Task description: Leaving out the images, reproduce every line of the data that follows exactly.

Data extract:
((

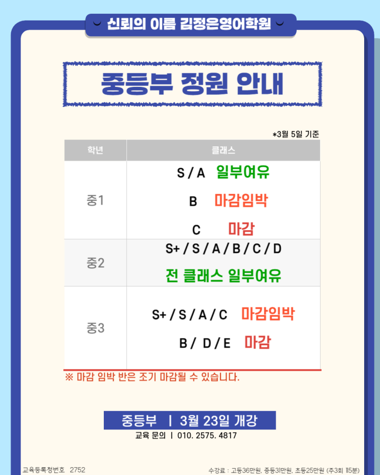 안녕하세요~ 신뢰의 이름 김정은 영어학원 입니다 :) 2026년 3월 5일자 기준으로 현재 중등부 정원 안내 드립니다! *마감임박반은 조기 마감될 수 있습니다! 중1 C클래스 마감! 중1 B클래스 마감 임박 중2 전 클래스 (S+, S, A, B, C, D) 일부 '여유' 중3 S+, S, A, C클래스 마감 임박 그외 클래스 (B, D, E) 마감 입니다! 교육 및 상담 문의 : 010.2575. 4817 교육 및 상담 문의는 연락처로 연락 남겨주시면 평일 오후 3시30분 이후 순차적으로 연락드리겠습니다. 감사합니다. 신뢰의이름김정은영어학원 *교육청등록번호 2752* 수강료 : 고등36만원, 중등31만원, 초등25만원 (주3회 115분씩) #어차피_영어는_김정은영어 #이....... <img src="https://blogthumb.pstatic.net/MjAyNjAzMDVfMjMw/MDAxNzcyNzE1NDc1NTI1.A1y6gLGUdhDhVlXyueVkJ_RTQeNYMBsPPq_Nwm9LHcAg.Dwvvfg4MPx41sIwP1cn1Oq3FEyy5UF5nDCbTowGASpsg.PNG/KakaoTalk_20260305_201055338.png?type=s3" />
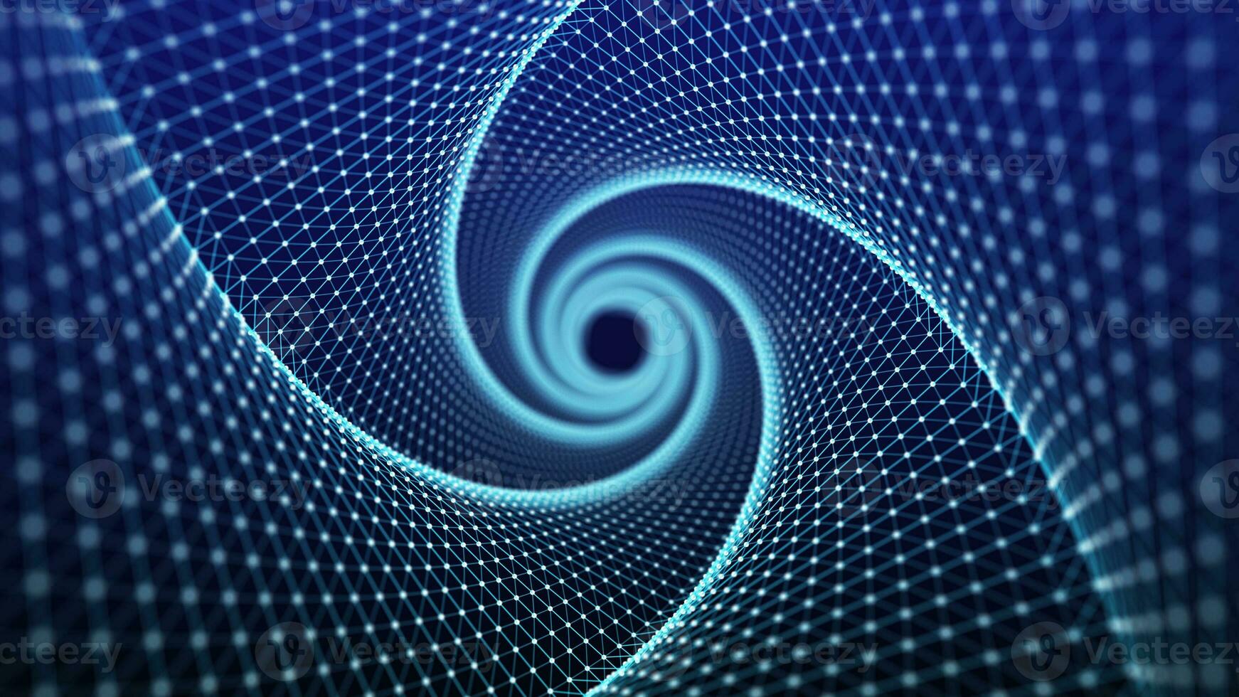 A frame twisted tunnel made of a connection of blue dots and lines. Network connection. The structure of big data. Data transmission technology. 3d rendering Pro Photo
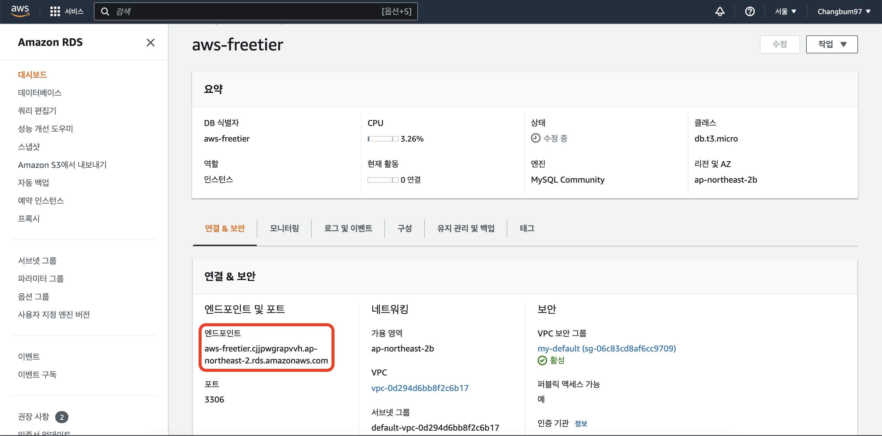 - VPC 보안 그룹(방화벽) : 위에서 만든 보안그룹 선택
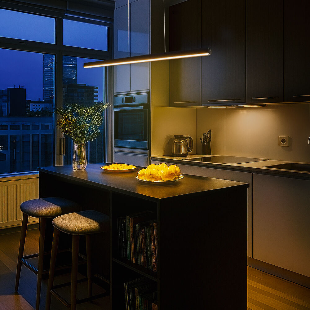 Elevate your space with our Aluminum Linear Pendant Light, a harmonious blend of modern minimalism and functional design. Crafted from premium aluminum in a sleek black finish, its linear silhouette brings a contemporary edge to any environment. Ideal for dining areas, kitchen islands, or office spaces, this pendant light emits bright, energy-efficient illumination while seamlessly complementing modern, industrial, or minimalist interiors. Complete with easy-to-use hanging hardware, it allows for quick installation, transforming your space into a well-lit, stylish haven with a distinct modern aesthetic.

))

Response area:
 안녕하세요~ 신뢰의 이름 김정은 영어학원 입니다 :) 2026년 3월 5일자 기준으로 현재 중등부 정원 안내 드립니다! *마감임박반은 조기 마감될 수 있습니다! 중1 C클래스 마감! 중1 B클래스 마감 임박 중2 전 클래스 (S+, S, A, B, C, D) 일부 '여유' 중3 S+, S, A, C클래스 마감 임박 그외 클래스 (B, D, E) 마감 입니다! 교육 및 상담 문의 : 010.2575. 4817 교육 및 상담 문의는 연락처로 연락 남겨주시면 평일 오후 3시30분 이후 순차적으로 연락드리겠습니다. 감사합니다. 신뢰의이름김정은영어학원 *교육청등록번호 2752* 수강료 : 고등36만원, 중등31만원, 초등25만원 (주3회 115분씩) #어차피_영어는_김정은영어 #이....... <img src="https://blogthumb.pstatic.net/MjAyNjAzMDVfMjMw/MDAxNzcyNzE1NDc1NTI1.A1y6gLGUdhDhVlXyueVkJ_RTQeNYMBsPPq_Nwm9LHcAg.Dwvvfg4MPx41sIwP1cn1Oq3FEyy5UF5nDCbTowGASpsg.PNG/KakaoTalk_20260305_201055338.png?type=s3" />
 A frame twisted tunnel made of a connection of blue dots and lines. Network connection. The structure of big data. Data transmission technology. 3d rendering Pro Photo
 - VPC 보안 그룹(방화벽) : 위에서 만든 보안그룹 선택
 Elevate your space with our Aluminum Linear Pendant Light, a harmonious blend of modern minimalism and functional design. Crafted from premium aluminum in a sleek black finish, its linear silhouette brings a contemporary edge to any environment. Ideal for dining areas, kitchen islands, or office spaces, this pendant light emits bright, energy-efficient illumination while seamlessly complementing modern, industrial, or minimalist interiors. Complete with easy-to-use hanging hardware, it allows for quick installation, transforming your space into a well-lit, stylish haven with a distinct modern aesthetic.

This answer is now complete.